Discussing the Sources
In terms of source material, the
lack of a surviving chronicle severely limits one’s efforts to reevaluate the
reign of Muhammad b. al-Hajj Hamdun. Nonetheless, an assortment of oral sources
and written sources provide enough clues for a tentative overview. First, the Diwan. Essentially a list of the various
rulers of the Sayfawa maiwa with
brief details on their reign, the Diwan aids
in establishing an approximate timeline for the Sayfawa rulers.[1] In addition, the Kano Chronicle briefly alludes to an
attack on the Kano kingdom by Borno during the reign of Muhammad b. al-Hajj
Hamdun. Besides identifying the Sarkin Bornu as Ali, the chronicle’s erroneous
description of the campaign is contradicted by Bornoan oral sources which establish
that it was not Ali who attacked Kano in the 1730s.[2]
A third written source, a rihla copied in the mid-19th
century, presents a number of problems.

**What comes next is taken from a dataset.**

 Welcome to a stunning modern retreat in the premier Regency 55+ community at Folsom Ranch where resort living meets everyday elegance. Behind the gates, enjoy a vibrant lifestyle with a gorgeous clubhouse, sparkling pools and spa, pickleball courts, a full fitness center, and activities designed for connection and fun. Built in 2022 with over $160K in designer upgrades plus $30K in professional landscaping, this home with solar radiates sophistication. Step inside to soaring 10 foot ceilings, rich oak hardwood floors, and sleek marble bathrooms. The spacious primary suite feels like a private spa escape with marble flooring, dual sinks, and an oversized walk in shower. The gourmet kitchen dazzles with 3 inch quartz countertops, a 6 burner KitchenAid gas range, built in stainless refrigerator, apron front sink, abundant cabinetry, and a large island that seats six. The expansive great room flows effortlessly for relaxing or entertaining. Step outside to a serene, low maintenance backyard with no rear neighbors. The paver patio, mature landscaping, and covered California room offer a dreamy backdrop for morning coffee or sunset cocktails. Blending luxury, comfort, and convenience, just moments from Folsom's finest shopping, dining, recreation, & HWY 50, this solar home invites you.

The manuscript was found in the library
of Shaikh Abu Bakr al-Miskin, and supposedly written by his grandfather, Muhammad
b. Ali b. Dunama b. Ali b. Umar b. Idris.[3] It is supposedly a
description of the hajj of Ali b.
Umar. But the year given for this undertaking, 1727-8, and the description of
the reign of about 15 years that followed, are more applicable for Muhammad b.

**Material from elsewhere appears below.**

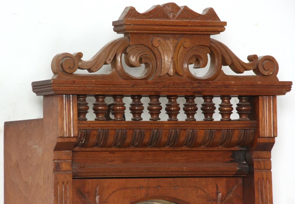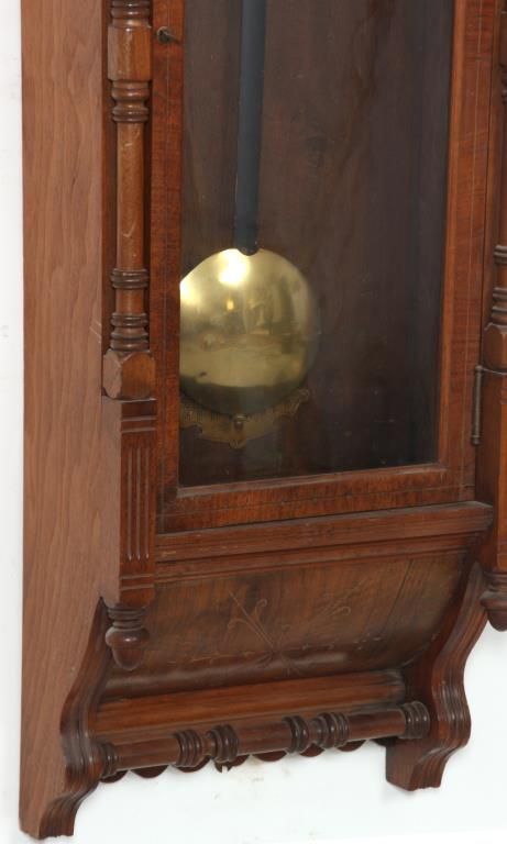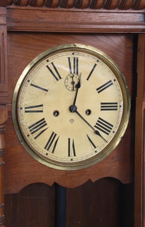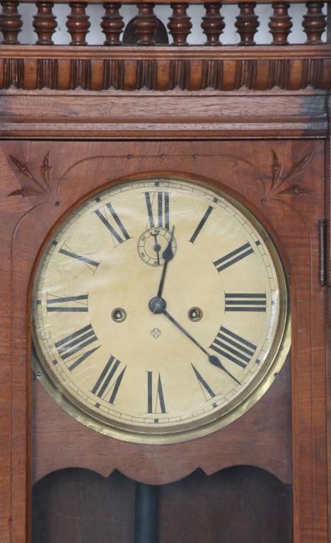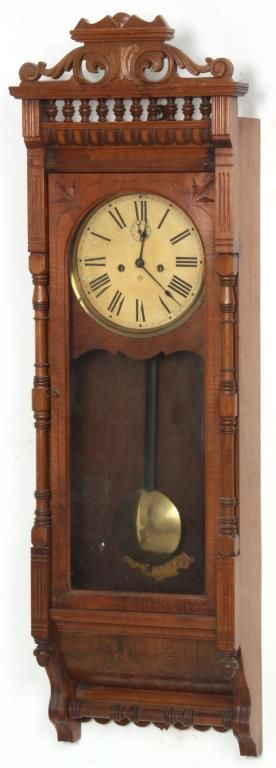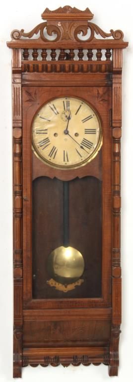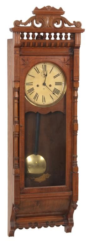 Ansonia “Santa Fe” Weight Driven Wall Regulator. 10 in. paper dial has black Roman hour numerals, blued spade hands and sub seconds dial; 8 day, brass, time only movement has Graham deadbeat escapement with 2 brass covered side weights and brass pulleys. In walnut case with swirling filigree carved crest over a spindled section, long turned columns on the sides of the door and teardrop finials over a turned crossbar at the bottom. In good condition and excellent original finish. 52 in. high x 16.5 in. wide x 8.5 in. deep.

al-Hajj Hamdun. Is it possible that this source is about the hajj of Muhammad b. al-Hajj Hamdun but changed to be about Ali b. Umar due
to the latter’s renown?[4]
Besides the aforementioned written
sources, a number of oral sources exist. One of the most important, a Kanuri
praise song translated by J.R. Patterson in Kanuri
Songs, is particularly conspicuous. Given the genre and its conventions,
one cannot expect a song that is necessarily historically accurate. Yet it
speaks to a type of court praise singing and ethos that very much emphasized
military valor and power. In addition, studies of the history of the Central
Sudan based on oral sources supplement the meager textual ones. For instance,
H.R. Palmer’s Sudanese Memoirs contains
a short chapter on Muhammad Hajimi and the Masbarma that alludes to the Kano
campaign.[5] Likewise, a girgam translated in Palmer’s Bornu Sahara and Sudan refers to Muhammad as the “lord of
Lergam the Black Prince with the white mouth-veil.”[6] This supports the
identification of the builder of the elite brick building at Lergam with
Muhammad b. al-Hajj Hamdun, a tradition cited by Seidensticker.[7]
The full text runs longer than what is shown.